The amendment would allow the Zoning Board - whose members are the five councilmen - to review changes to the comprehensive sketch plan in Town Center. The appointed members of the Planning Board now make such decisions.
County Councilman Ken Ulman, chairman of the Zoning Board, said Columbia's New Town zoning allows for "very little influence or authority" by the board. He said the council's Democrats - himself, Guy Guzzone and David A. Rakes - want the board to have an "elevated role" in determining how new projects will be developed in Columbia's downtown.
"I believe that this is a significant deal," said Ulman, a west Columbia Democrat. "It sounds like minutiae, but what it means is that the Zoning Board/County Council will have a say in how projects are implemented, which we do in almost every other zone."

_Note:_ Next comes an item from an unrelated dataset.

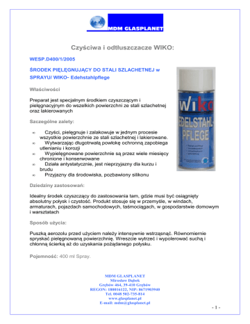 MDM GLASPLANET Czyściwa i odtłuszczacze WIKO: WESP.D400/1/2005 ŚRODEK PIĘLĘGNUJĄCY DO STALI SZLACHETNEJ w SPRAYU/ WIKO- Edehstahlpflege Właściwości Preparat jest specjalnym środkiem czyszczącym i pielęgnacyjnym do wszelkich powierzchni ze stali szlachetnej oraz lakierowanych Szczególne zalety: • • • • • Czyści, pielęgnuje i zalakowuje w jednym procesie wszystkie powierzchnie ze stali szlachetnej i lakierowane. Wytwarzając długotrwałą powłokę ochronną zapobiega utlenianiu i korozji Wypielęgnowane powierzchnie są przez wiele miesięcy chronione i konserwowane Działa antystatycznie, jest nieprzyjazny dla kurzu i brudu Przyjazny dla środowiska, pozbawiony silikonu Dziedziny zastosowań: Idealny środek czyszczący do zastosowania tam, gdzie musi być osiągnięty absolutny połysk i czystość. Produkt stosuje się w przemyśle, w windach, armaturach, pojazdach samochodowych, taśmociągach, w gospodarstwie domowym i warsztatach Sposób użycia: Puszką aerozolu przed użyciem należy intensywnie wstrząsnąć. Równomiernie spryskać pielęgnowaną powierzchnię. Wreszcie wytrzeć i wypolerować suchą i chłonną ścierką aż do uzyskania pożądanego połysku. Pojemność:: 400 ml Spray. MDM GLASPLANET Mirosław Dąbek Grębów 464, 39-410 Grębów REGON: 180016122, NIP: 8671903940 Tel. 0048 502-735-814 www.glasplanet.pl E-mail: [email protected] -1- MDM GLASPLANET WMO.D500/1/2005 CZYŚCIWO MONTAŻOWE / WIKO- Montagereiniger Właściwości Preparat jest wysokiej jakości czyściwem i odtłuszczaczem (nie jest rozcieńczony) przeznaczonym do wszelkich prac naprawczych i montażowych. Szczególne zalety • • • • Działa mocno, silnie i głęboko wnika w pory materiału Nie pozostawia osadu i resztek (w porównaniu z rozcieńczalnikami) Nie korodujący (nie jest żrący) Pozwala uzyskiwać czyste jak łza powierzchnie Dziedziny zastosowań: • • • • • Idealny do stosowania w całym przemyśle, rzemiośle przy reperacjach i remontach. Likwidacja plam olei, tłuszczu, żywicy, resztek kleju, startego metalu z hamulców i sprzęgieł. Odtłuszczenia przed klejeniem powierzchni lakierowanych oraz z tworzyw sztucznych. Czyszczenie części silnika, resorów, urządzeń elektrycznych, rozruszników, łożysk walcowych i prowadnic Oczyszczanie trudnych plam z tapicerki, tekstyliów Sposób użycia: Pojemnik mocno wstrząsnąć. Nanieść porządnie preparat na zabrudzone części i pozwolić mu odparować. Pozwolić części wyschnąć na powietrzu lub wytrzeć suchą szmatką. Przy silnych zabrudzeniach ewentualnie proces powtórzyć. Przy tworzywach sztucznych, gumie, farbach, tekstyliach oraz tapicerce przetestować działanie w niewidocznym miejscu. Pojemność::500 ml Spray/5 / 10 / 30 / 60 / 200 Litrowy pojemnik. MDM GLASPLANET Mirosław Dąbek Grębów 464, 39-410 Grębów REGON: 180016122, NIP: 8671903940 Tel. 0048 502-735-814 www.glasplanet.pl E-mail: [email protected] -2- MDM GLASPLANET WO7K06.D400/1/2005 CZYŚCIWO BŁYSKAWICZNE PRZEMYSŁOWE WIKO- Industrieschnellreiniger Właściwości Preparat składa się z rozpuszczalników węglowodoru, alkoholi i eteru oraz zawiera aż ponad 90% wysoce skutecznych biokatalizatorów Szczególne zalety: • • • • Nie pozostawia błony, ani innych pozostałości Szybko odparowuje Nie koroduje (nie jest żrący w krótkotrwałym kontakcie) Usuwa ślady wilgoci z powierzchni metali Dziedziny zastosowań: Przystosowany szczególnie do czyszczenia hamulców tarczowych, części hamulców, np. klocków hamulcowych, płyt, okładzin. Czyści z oleju, brudu, wytartego metalu. Nie pozostawia absolutnie żadnych pozostałości, nie jest żrący. Przy przypadkowym, krótkotrwałym kontakcie nie niszczy skóry, gumy, manszetów, ponieważ szybko odparowuje. Poza tym to doskonały środek do czyszczenia i odtłuszczania szkła, ceramiki i metali w warsztatach, zakładach i gospodarstwie domowym. Przydatny szczególnie do przygotowywania powierzchni metali do lakierowania klejenia i gruntowania, jak również do usuwania resztek silikonów z metali. Sposób użycia: Popryskać części przeznaczone do oczyszczenia, aż brud i tłuszcz się zmyją albo nanieść preparat i zmyć czystą ścierką. Jeśli zajdzie taka potrzeba proces czyszczenia powtórzyć. Uwaga: Nie czyścić tworzyw sztucznych oraz powierzchni lakierowanych! Pojemność::400 ml Spray/5 / 10/ 30 / 60 / 200 Litrowe pojemniki MDM GLASPLANET Mirosław Dąbek Grębów 464, 39-410 Grębów REGON: 180016122, NIP: 8671903940 Tel. 0048 502-735-814 www.glasplanet.pl E-mail: [email protected] -3- MDM GLASPLANET WBR.D600/1/2005 CZYŚCIWO DO HAMULCÓW / WIKO- Bremsenreiniger Właściwości Preparat bazuje na specjalnym typie benzyny. Dzięki szczególnej szybkości odparowywania uzyskiwany jest bardzo szybko optymalny efekt czyszczący. Czyściwo nie jest żrące i nie niszczy gumy i tworzyw sztucznych (zalecany każdorazowo test działania) Nie zawiera FCKW, HCKW oraz pozbawiony żrących substancji. Szczególne zalety • • • Nie korodujący (nie żrący) Nie pozostawia błony, ani innych pozostałości Szybko odparowuje Dziedziny zastosowań: Stosowany do szybkiego czyszczenia bębnów, tarcz, okładzin, klocków hamulcowych a także części sprzęgła. Poza tym to doskonały środek do czyszczenia silnie zaoliwionych i zabrudzonych części maszyn, także z zestarzałego brudu. Sposób użycia: Z około 20 cm spryskać części przeznaczone do oczyszczenia i pozwolić odparować. Przy silnych zabrudzeniach proces czyszczenia kilkakrotnie powtórzyć. Pojemność::600 ml Spray/5 / 10 / 30 / 60 / 200 Litrowy pojemnik MDM GLASPLANET Mirosław Dąbek Grębów 464, 39-410 Grębów REGON: 180016122, NIP: 8671903940 Tel. 0048 502-735-814 www.glasplanet.pl E-mail: [email protected] -4- MDM GLASPLANET WSS.D400/1/2005 SUPER PIANKA CZYSZCZĄCA / WIKO-Superschaum Właściwości Środek o bardzo szerokim zastosowaniu, wysoce skuteczny, czyści i usuwa pla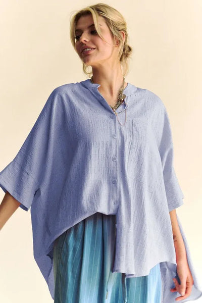 • Features: Oversized, Buttoned, Pocketed, High-Low

A public hearing on the amendment and others included in the comprehensive rezoning bill is scheduled at 7:30 p.m. today at the George Howard Building in Ellicott City. The hearing comes one day before the Zoning Board's work session, when it could rule on the Rouse Co. petition to add more than 2,141 residential units to Columbia.
The majority of those units are dedicated for Town Center, and Rouse officials hope the new residents will turn the area into a vibrant urban hub. The proposed development has sparked protests by residents who fear that the extra people will bring more traffic and crime and strain the 36-year-old planned community's infrastructure.
If the comprehensive rezoning amendment is accepted, the Zoning Board would have the option of approving any proposed development in Town Center. In this instance, the council would assume a similar role as it does when it acts as the Liquor Board, which hears cases it deems appropriate.
Ulman said when proposed development "rises to a level of critical importance as these decisions do in downtown," the elected officials should play a role in the implementation.
"We should have the option of hearing these [cases] and frankly holding [Rouse's] feet to the fire on having any new projects implemented in a way that really benefits the public," Ulman said.
Guzzone, chairman of the County Council, said his panel has an important opportunity with Town Center development. "We have an opportunity to enhance it, to make it even better than it is, and I think we have a responsibility to make sure that whatever we do there, we do it very well," said Guzzone, a North Laurel-Savage Democrat. "And that may mean the council playing a larger role in its development over the next 10 years or so."
Dennis Miller, Rouse vice president and general manager of Columbia, would not comment on the amendment because the board has not ruled on the company's petition.
Throughout eight hearings before the Zoning Board, many residents criticized Rouse for not submitting detailed plans about what it intends to build in the 60-acre, crescent-shaped property behind Symphony Woods in Town Center. They worry that the board will have no more authority on how Rouse develops the land if the petition is approved.
Mary Pivar, a Wilde Lake resident who has criticized Rouse's plan, said that the Zoning Board hearing Town Center development cases would be "constructive." "That's reasonable and fair in a community that was supposed to have been planned all along," Pivar said.
E. Alexander Adams, a Glenwood attorney who is among the primary opponents in the Rouse case, said changing which body would rule on downtown developments is "basically a red herring." He predicted that the Zoning Board would not wield any more power than the Planning Board.
But Guzzone said that such an interpretation is "a fairly narrow view of the authority of the council to act in these manners."
He added, "It's very clear that the council has the authority to create the rules, and it's very clear the council has the authority to interpret the rules they've created."